> Well, I don't think anything right now is great at high-resolution
> taxonomic classification, so I think pplacer would do just as good (or
> better) as something like RDP. No one in our group has done a through
> investigation of how well pplacer is working using GG, but from a few
> test cases it certainly seems better than something like RDP.
>
> I guess you are worried that pplacer might not know the exact
> placement due to so much data. Also it seems that the large number of
> gaps and thus the location of informative positions would be a problem
> with any tree building program and yet GG and SILVA are making these
> large trees.
Yes, they are making these large trees. It's not always clear that their
overall goal is phylogenetic accuracy. Members of the Knight group have
made it clear to me that they aren't so bothered about accuracy, as long
as it doesn't change their UniFrac estimates. You can see this in, e.g.

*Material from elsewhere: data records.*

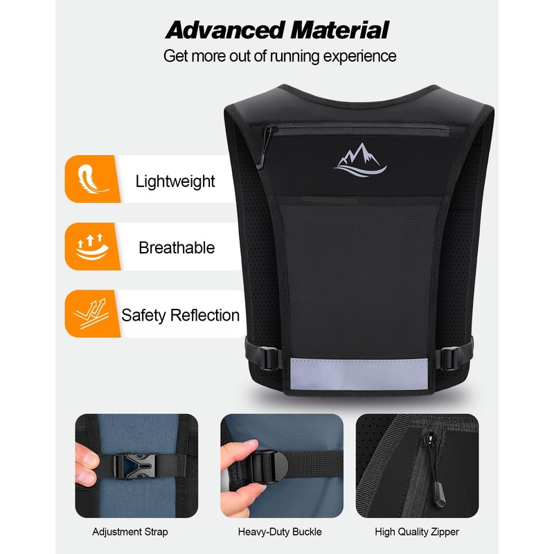 Multiple Storage Pockets: Seven versatile pockets offer ample storage for your phone, water bottle, keys, gels, and other essentials, making this running water vest perfect for running, cycling, and hiking.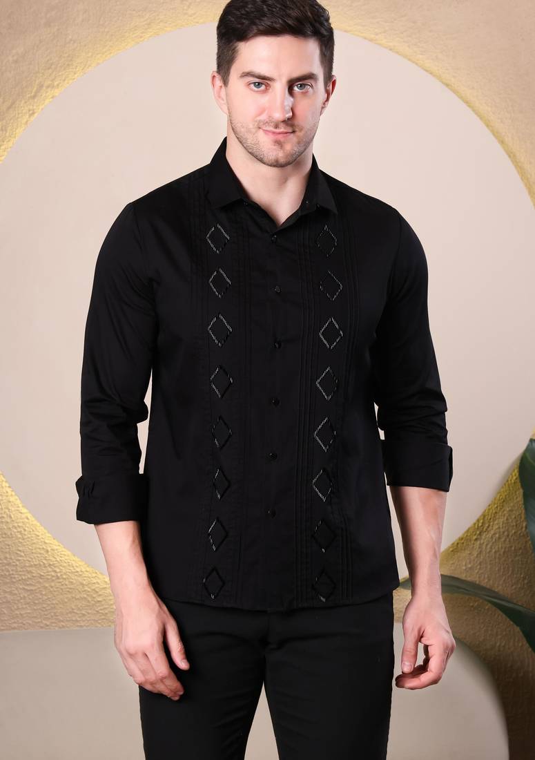 | Product Name | Pier Seven Black Slim Fit Cotton Blend Shirt With Hand Embroidery & Pin Tuck Detailing (Pwy069) | |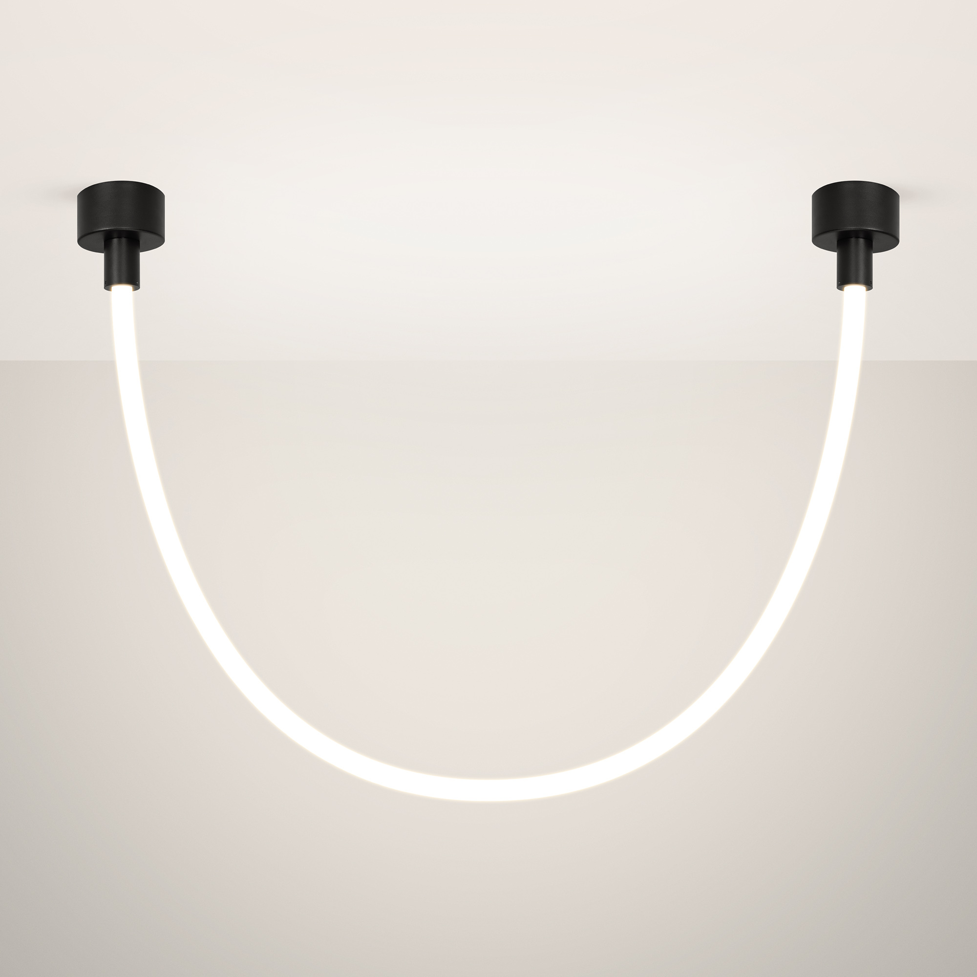 Подвесной светильник. Мощность 18 Вт, св. поток 1160 лм, 64 лм/Вт, дневной 4000 K, CRI>90, угол 360°, напряжение питания 230 В. Черный круглый корпус из стали, силиконовая герметичная лента, степень защиты IP20. Размер: общая высота чаши 85 мм, высота чаши без вывода под неон 50 мм, диаметр вывода под неон 35 мм, диаметр чаши 130 мм, диаметр силиконовой герметичной ленты 18 мм, длина силиконовой герметичной ленты 1200 мм. Монтаж накладной. Блок питания 24 В, 750 мА, пульсация <5%.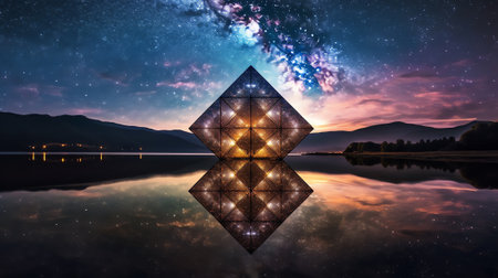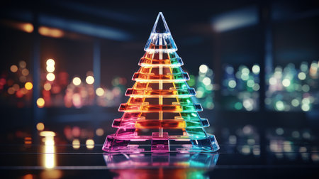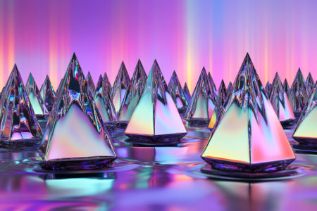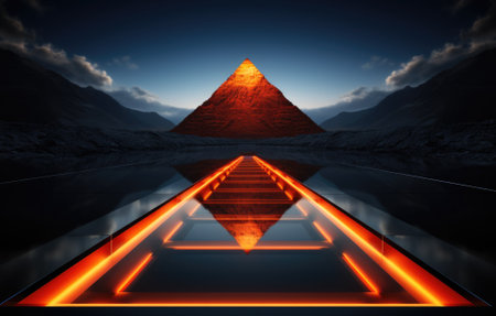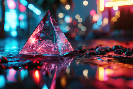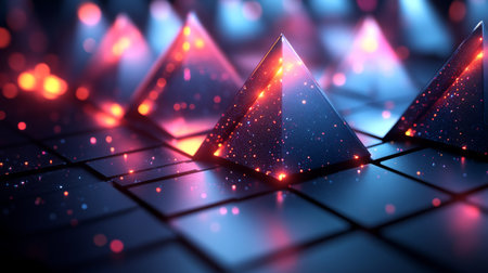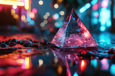 A captivating arrangement of glowing pyramids on a reflective surface with vibrant lights in an abstract composition at night. Generative AI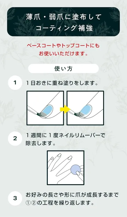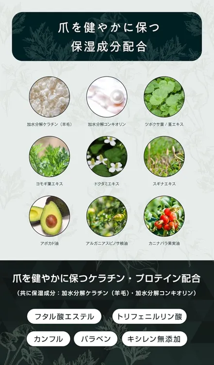 | 全成分 | 酢酸ブチル、酢酸エチル、ニトロセルロース、イソプロパノール、安息香酸スクロース、エタノール、クエン酸アセチルトリブチル、アルキッド-2、オキシベンソン-3、水、BG、アボカド油、アルガスピノサ核油、カニナバラ果実油、加水分解ケラチン(羊毛)、(クルイベロミセス/乳酸桿菌/乳酸球菌/レウコノストック/サッカロミセス)/乳発酵液(牛乳)、加水分解コンキオリン、ヨモギ葉エキス、ツボクサ葉/茎エキス、加水分解コラーゲン、スギナエキス、ドクダミエキス、フェノキシエタノール |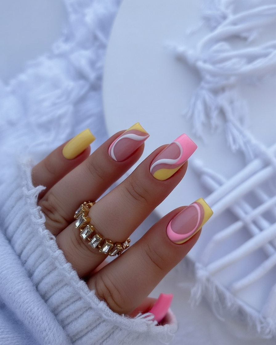 If you love experimenting with colors but still want something wearable, this is a great balance. The square shape keeps the look grounded, while the flowing design adds movement. It’s an easy way to embrace spring trends while keeping your nails polished and intentional.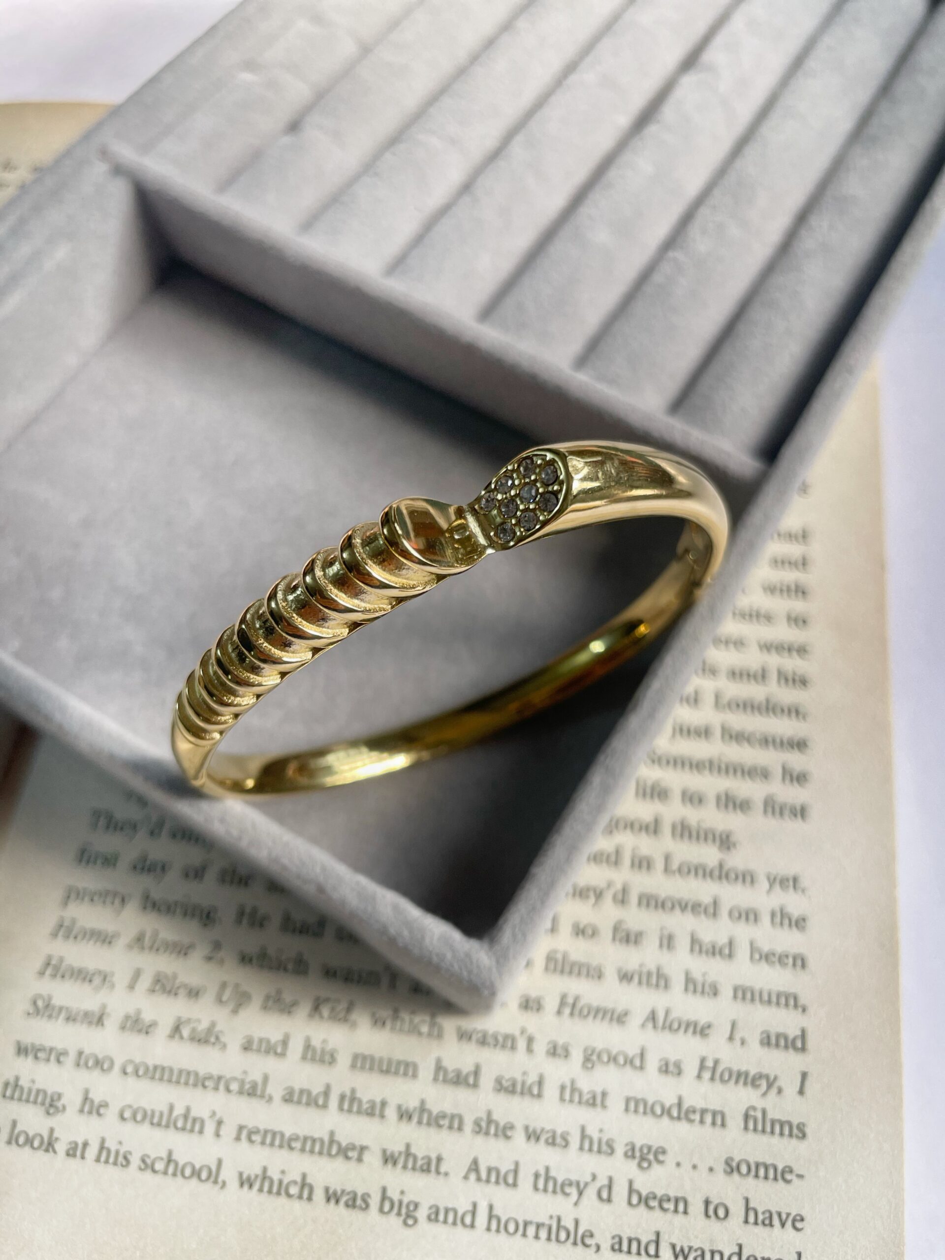 Croissant Chic showcases a beautifully crafted golden band, with a delicate croissant-inspired segmentation on one side and a sleek plain side, framing an open book-shaped center with sparkling stony fillings.

http://pynast.wordpress.com/2010/04/06/pynast-1-1-released-better-alignments-and-a-15x-speed-increase/
That makes perfect sense to me-- we really just need to scale the method
to the application like I said for 16s estimates.
> Considering the large demand for decent taxonomic classification using
> 16S and that most people seem happy settling for answers from the
> quick and dirty RDP classification it seems like it might be worth
> pursuing this a bit more? I have built a pipeline (similar to the one
> outlined in Steve Kembels recent paper) that takes 16S reads aligns
> them to the GG alignment using PyNAST, does the trimming etc, so that
> pplacer can be used. Conor (previous email) in our group has been
> using this quite a bit for taxonomic classification so he can probably
> comment more on successes on that front.
Yes, we also have something like that (not surprisingly). However, the
direction we have headed is to break a big alignment into
sub-alignments, and first "bin" reads into the sub alignments using a
naive Bayes classifier. Then placement. We're currently validating this
approach, but are as usual chasing our tail with taxonomic things.
> Also, I know that Jonathan Eisen's group is working on a taxonomic
> classification using pplacer on protein coding genes (for WGS
> metagenomics). However, maybe it would be worth discussing a brief
> project for 16S data. If interested we could chat about this offline.
Yes. I'm not saying that using pplacer on big trees and alignments is
the worst thing ever, but I wouldn't say that using it on the SILVA tree
can be recommended without reservation.
Once when I congratulated Morgan Price on FastTree 2.1, he commented
"yeah, we can build these big trees now, so now we need to figure out if
they mean anything."
I should make it clear in my note of caution, though, that I think that
the GG and SILVA folks are doing great work on a hard problem.